Por Fernando Clavero
La Habana.- Un amigo reciente me escribe desde Ciego de Ávila y me dice que tiene que irse ya, porque aquello se ha puesto muy malo, que desde hace muchos días comen solo punta de arroz (imagino que sea arroz como el que usan en algunos lugares de África occidental para hacer el benachin, un plato típico para el que no se usan los granos enteros).
Me dice que le pida a mi tía unas medicinas. A mi tía que vive en Tampa, porque muchos en la familia tienen las llamadas boqueras, sobre todo los niños, sin saber cuál es la causa. Y me recuerda que permanece allá porque todavía no le ha llegado la visa de trabajo para volver a Rusia, la misma Rusia de la guerra y las sanciones por todas partes, aunque para algunos cubanos parezca un paraíso.
Alguien más cercano, de la familia grande que tenemos todos los cubanos y que siempre defendió a ultranza todo lo que hacía el gobierno, porque creía ciegamente en las palabras de sus dirigentes, me acaba de confesar que «si tuviera unos cinco o seis años menos me iba de acá. Acá no hay quien viva. Esto es un cementerio». Y luego me dijo una frase que cada vez escucho más: «no creo en nadie. Esto es sálvese quien pueda».
Otra amiga me dice que le mande Omeprazol para su padre, y me pregunta si sé dónde comprar Bálsamo de Shotakovski, aquel medicamento que vendían en Cuba en los tiempos soviéticos y que se usaba para curar cualquier cosa, entre ellos una úlcera que padece su progenitor, más afectado aún porque no encuentra leche y la malanga no hay quien la pague al precio que está.
Yo no sé a cómo está la malanga, pero cinco libras de boniato -de boniato nada más y nada menos- valen 140 pesos en algunos lugares, o al menos eso me dijeron ayer. En otros lugares el arroz anda por los 150, o los 200, como estuvo hace unos días en Ciego de Ávila. Y como no pregunto por la carne de cerdo, no tengo ideas de por dónde anda, pero si el arroz vale 200, la libra de puerco no se debe bajar de los 400. No es necesario haber estudiado lógica para imaginarlo.

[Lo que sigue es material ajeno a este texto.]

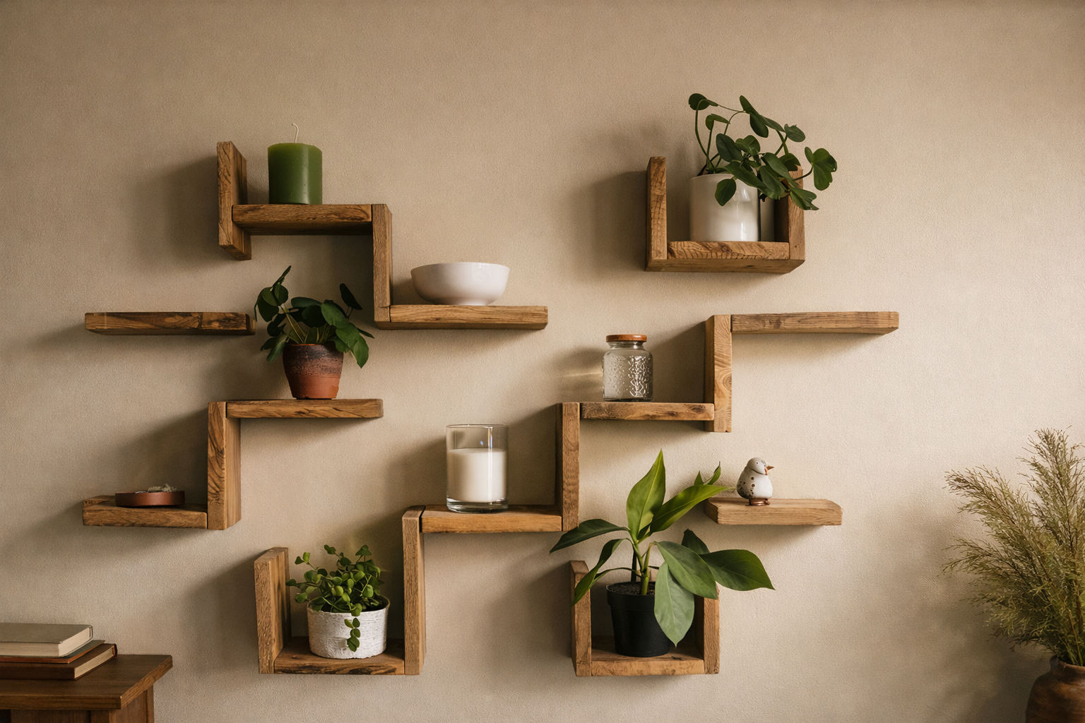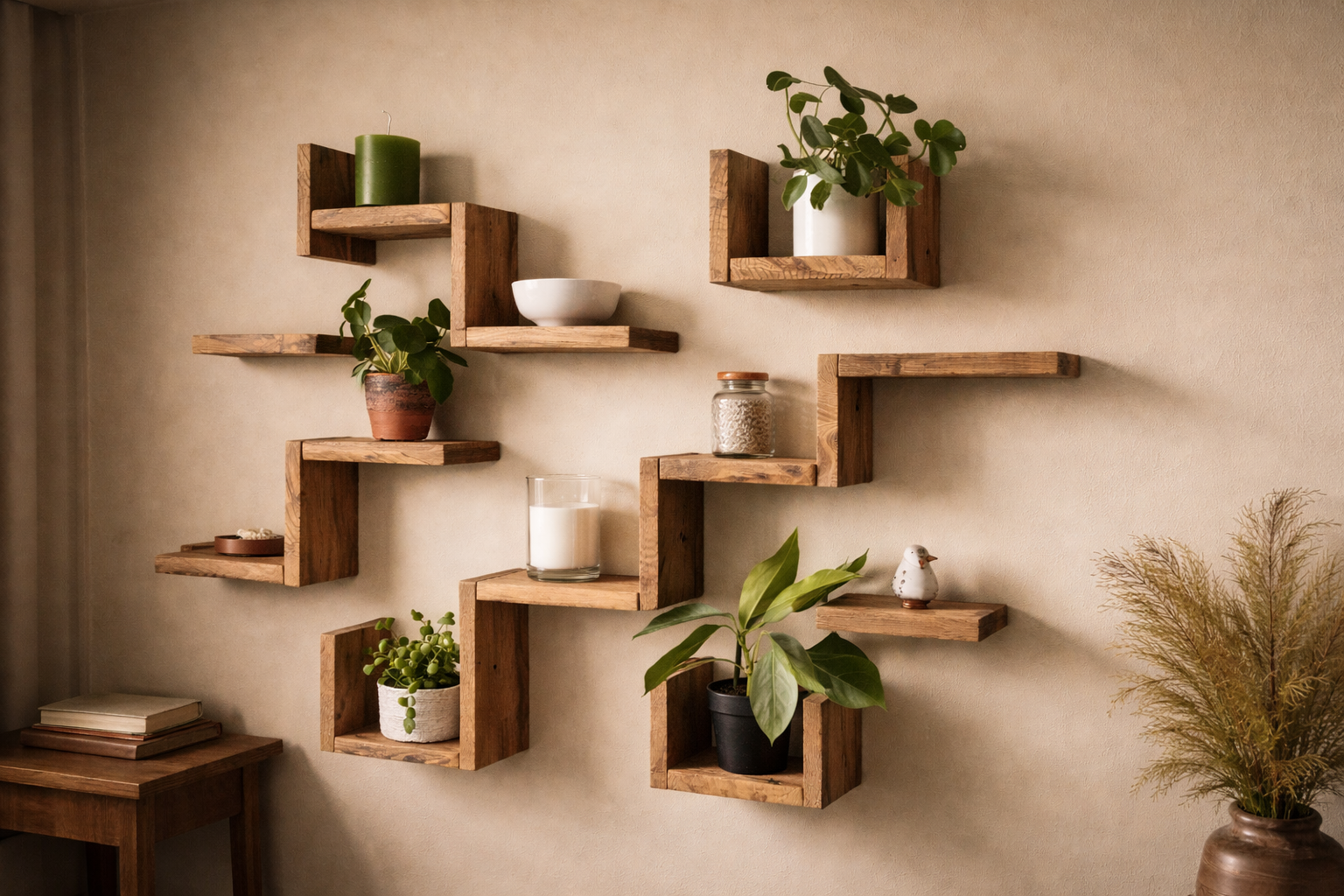 Duvara şık bir dokunuş katan modüler ahşap raf; doğal dokusu, temiz geometrisi ve sağlam yapısıyla bitkileriniz ve dekorlarınız için bir sergileme alanı sunar

Manuel, un vecino con quien hablo muy a menudo, fue a ver su familia a Bayamo y anda medio varado por allá. Dice que el transporte está malo y me pregunta si estoy al tanto sobre la venta de vehículos y qué creo. Y le dije que guapeara para volver donde sus hijos, pero pasé de largo a la pregunta sobre la venta de los carros, porque no le veo pies ni cabezas. Para mí es otra forma más de marear la tojosa, por poner el nombre de algún pájaro cercano a la perdiz.
Y cuando creo que ya estoy al tanto de todo, una amiga y vecina de muchos años, que anda por Europa de visita y que salió de Cuba por primera vez, me dice que por nada del mundo regresa. «Me voy a quedar, Ferna, pase lo que pase me quedo. Intentaré traer después a mis hijos y a mi esposo, pero no voy a volver».
Pero hay más. Alex ya tiene patrocinador y se va a Estados Unidos. Se larga como se han largado cientos de miles en los últimos meses. Me dice que la madre le puso peros, que cómo iba a ir a un lugar desconocido y dejar su casa, su tranquilidad, y él se pregunta qué tranquilidad, la de no tener un trabajo que le genere un salario suficiente para vivir, o sobrevivir. No quiere estar al margen de la ley y su decisión es irrevocable.
Y la última, esta mañana, cual si fuera una bomba que me explotara en la cara: «Papa, voy a tener que sacrificar a los dos San Bernardo. No tengo comida para darles, porque no quieren comerse el picadillo y no encuentro nada más. Y nadie se los quiere llevar. Si unos primos de Camagüey, que llegan mañana, no se los llevan, los sacrifico, porque no quiero que sufran».
Y así es un día tras otro. La mayoría de los amigos y la familia pelean duro para sobrevivir, pero se quejan, tal vez para liberar las tensiones de una vida que nos aplasta a todos, estemos donde estemos, porque hasta los cubanos que vivimos fuera sentimos lo de adentro.
¿Hasta cuándo?, me pregunto, pero no tengo respuesta.